> **Exercise data**
* * * * *

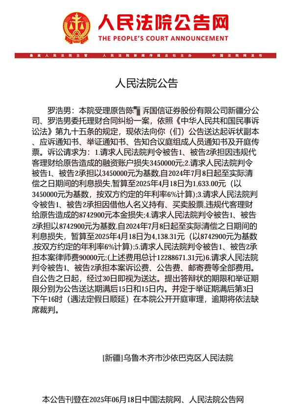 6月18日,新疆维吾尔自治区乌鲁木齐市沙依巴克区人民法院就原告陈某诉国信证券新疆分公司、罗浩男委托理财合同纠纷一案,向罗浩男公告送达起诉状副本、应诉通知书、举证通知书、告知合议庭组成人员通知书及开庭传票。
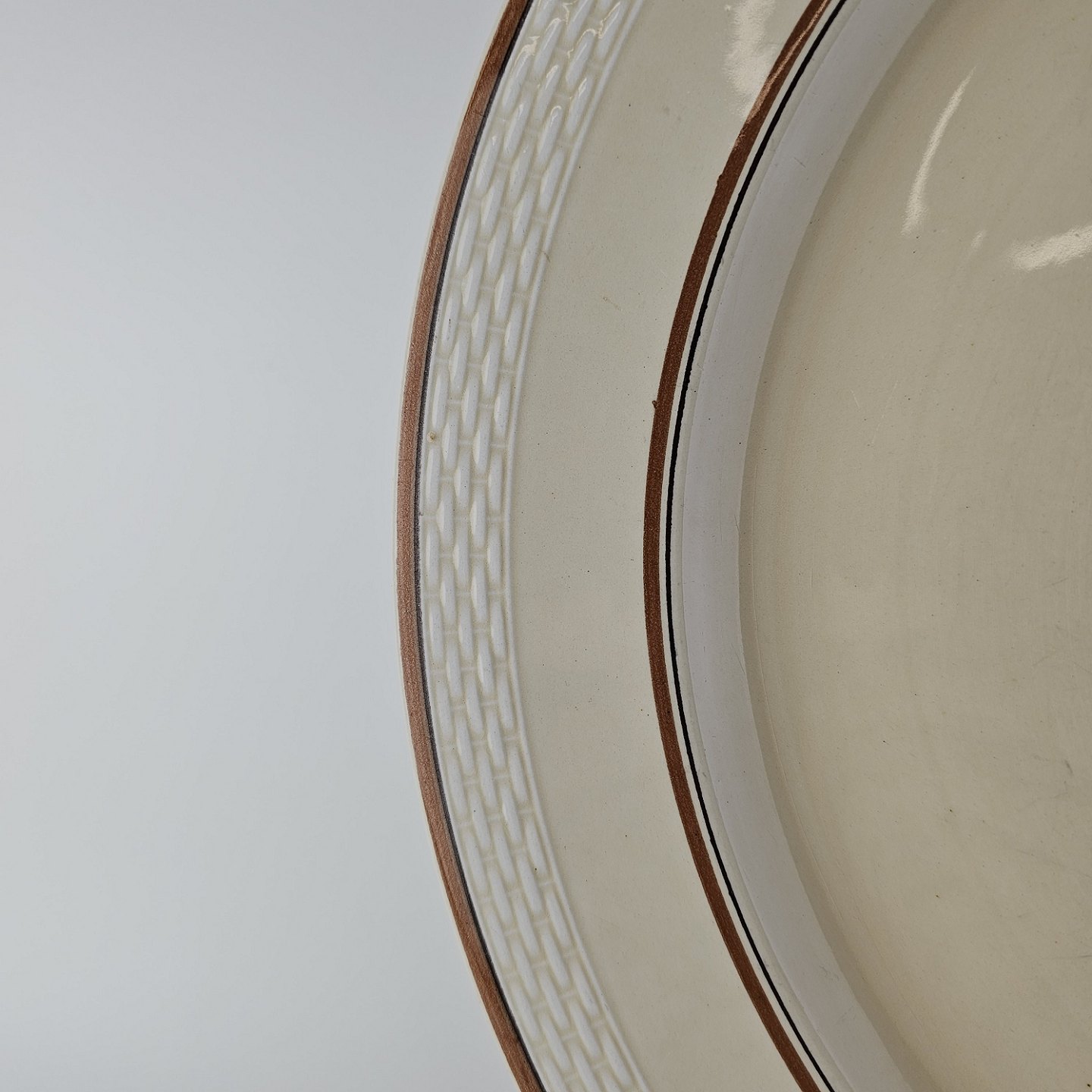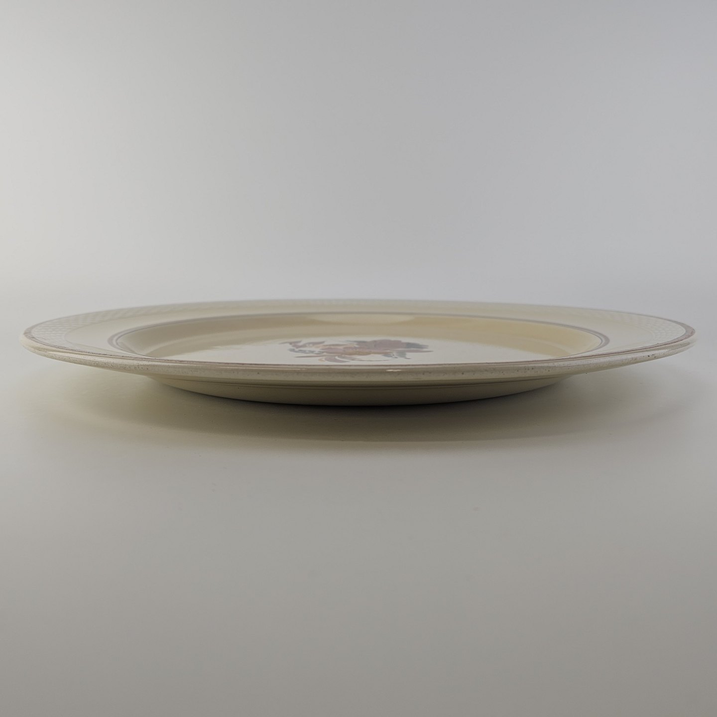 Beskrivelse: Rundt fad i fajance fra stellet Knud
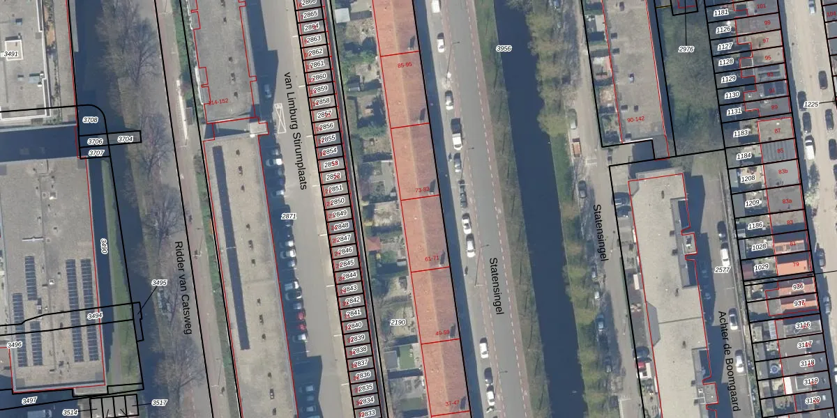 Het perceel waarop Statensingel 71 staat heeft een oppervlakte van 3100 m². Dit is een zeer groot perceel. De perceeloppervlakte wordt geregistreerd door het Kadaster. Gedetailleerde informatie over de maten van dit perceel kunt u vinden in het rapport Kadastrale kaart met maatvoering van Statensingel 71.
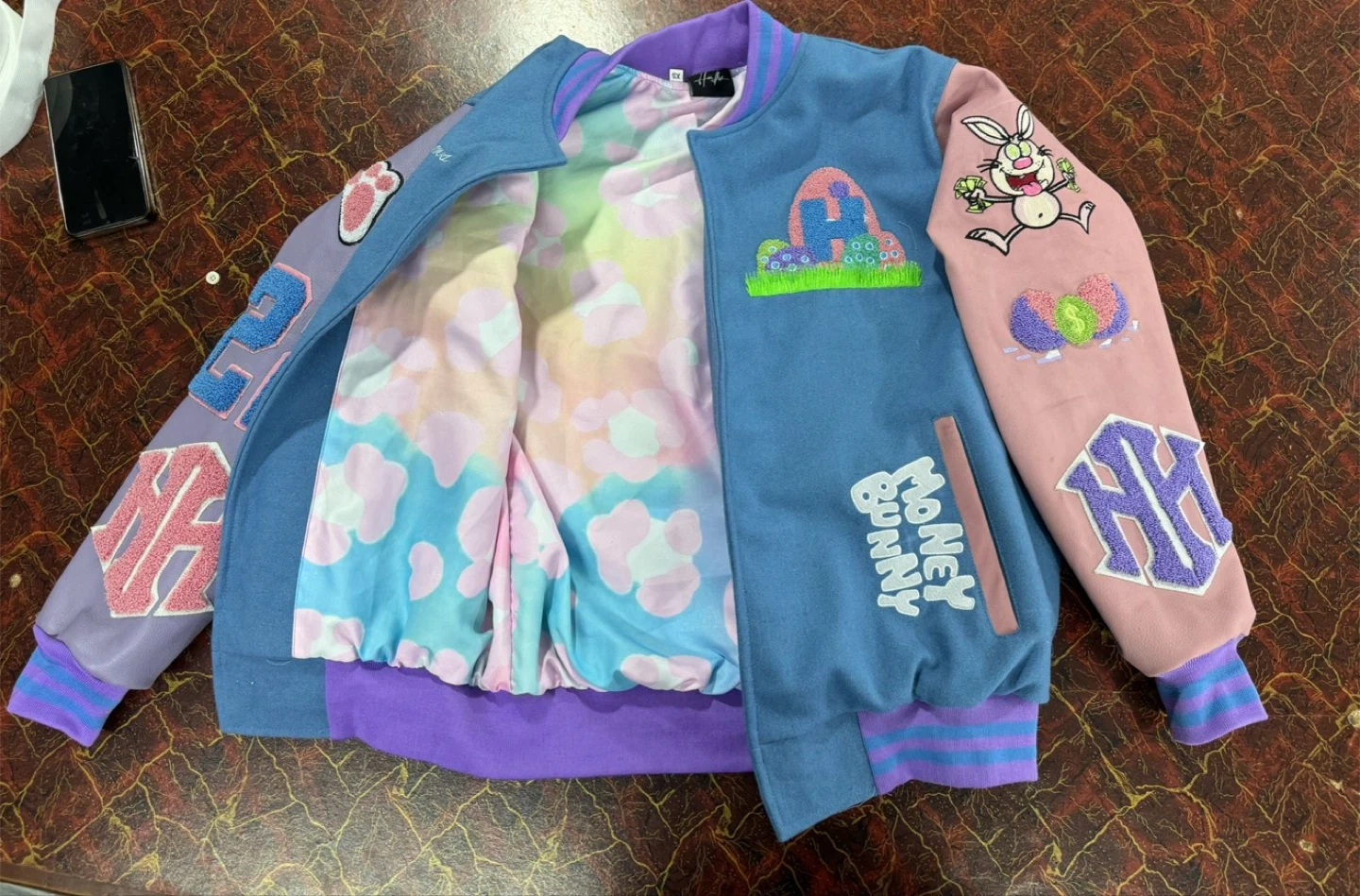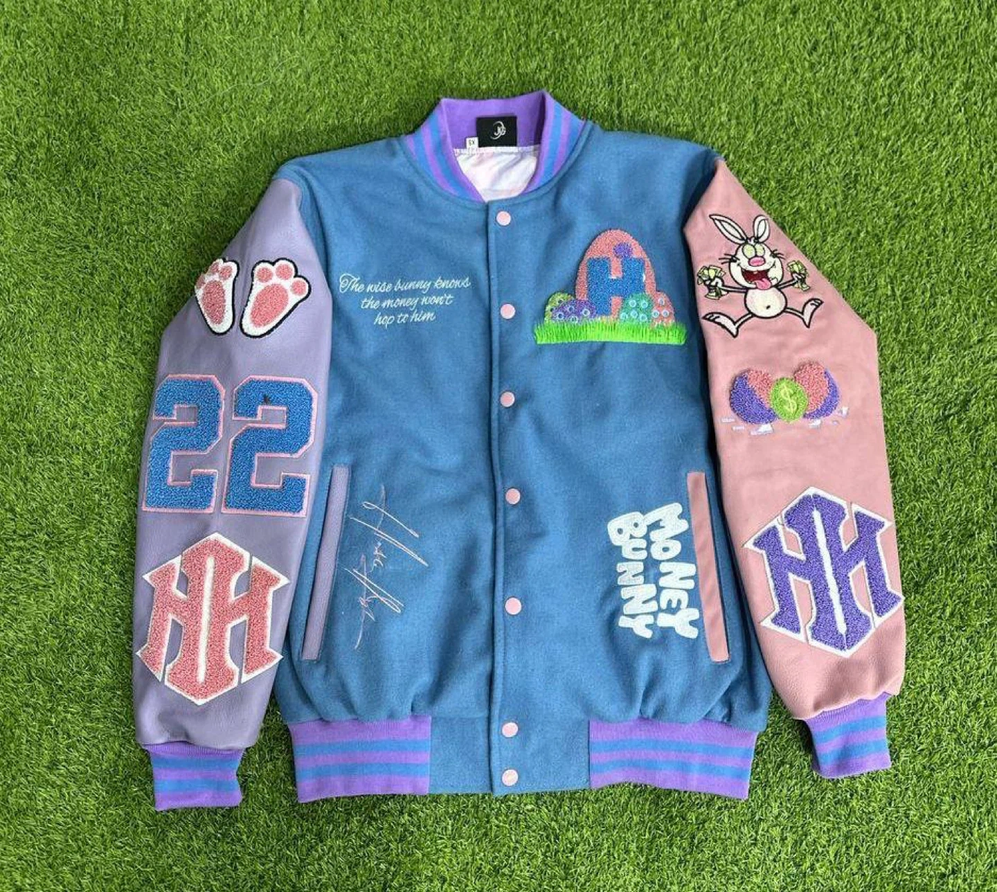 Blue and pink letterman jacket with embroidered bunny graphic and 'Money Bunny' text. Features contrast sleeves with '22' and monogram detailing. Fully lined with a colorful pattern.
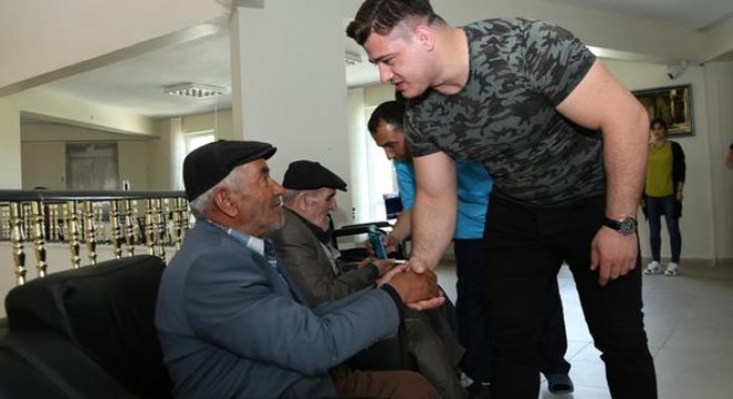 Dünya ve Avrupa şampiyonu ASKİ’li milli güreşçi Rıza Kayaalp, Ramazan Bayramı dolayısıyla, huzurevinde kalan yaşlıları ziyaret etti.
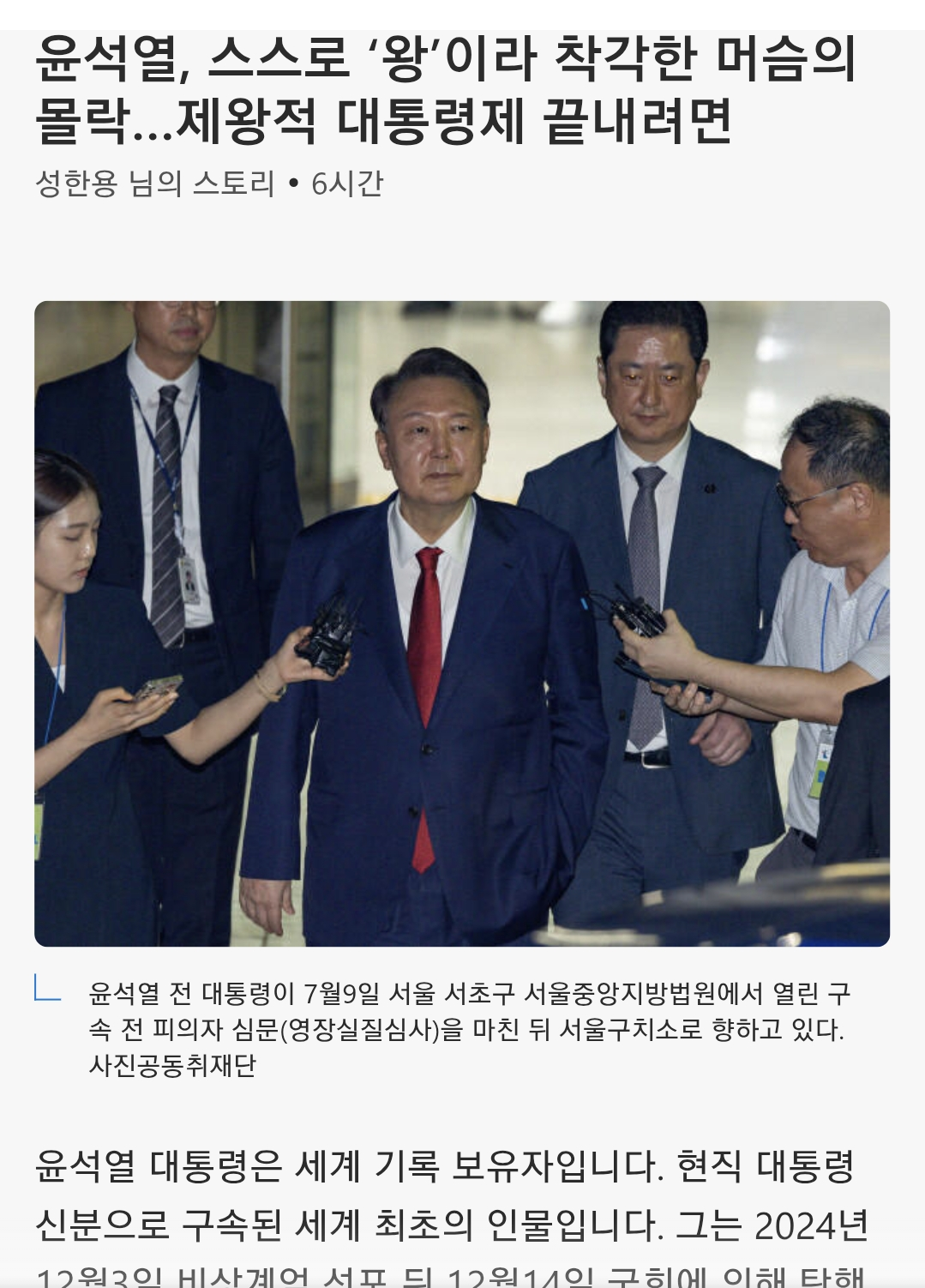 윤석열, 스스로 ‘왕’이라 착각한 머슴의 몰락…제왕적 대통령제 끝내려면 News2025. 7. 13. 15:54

* * * * *

> **Directions**
Set down all of the entries exactly as they appear, but keep the images out.

> **Completed task**
 6月18日,新疆维吾尔自治区乌鲁木齐市沙依巴克区人民法院就原告陈某诉国信证券新疆分公司、罗浩男委托理财合同纠纷一案,向罗浩男公告送达起诉状副本、应诉通知书、举证通知书、告知合议庭组成人员通知书及开庭传票。
 Beskrivelse: Rundt fad i fajance fra stellet Knud
 Het perceel waarop Statensingel 71 staat heeft een oppervlakte van 3100 m². Dit is een zeer groot perceel. De perceeloppervlakte wordt geregistreerd door het Kadaster. Gedetailleerde informatie over de maten van dit perceel kunt u vinden in het rapport Kadastrale kaart met maatvoering van Statensingel 71.
 Blue and pink letterman jacket with embroidered bunny graphic and 'Money Bunny' text. Features contrast sleeves with '22' and monogram detailing. Fully lined with a colorful pattern.
 Dünya ve Avrupa şampiyonu ASKİ’li milli güreşçi Rıza Kayaalp, Ramazan Bayramı dolayısıyla, huzurevinde kalan yaşlıları ziyaret etti.
 윤석열, 스스로 ‘왕’이라 착각한 머슴의 몰락…제왕적 대통령제 끝내려면 News2025. 7. 13. 15:54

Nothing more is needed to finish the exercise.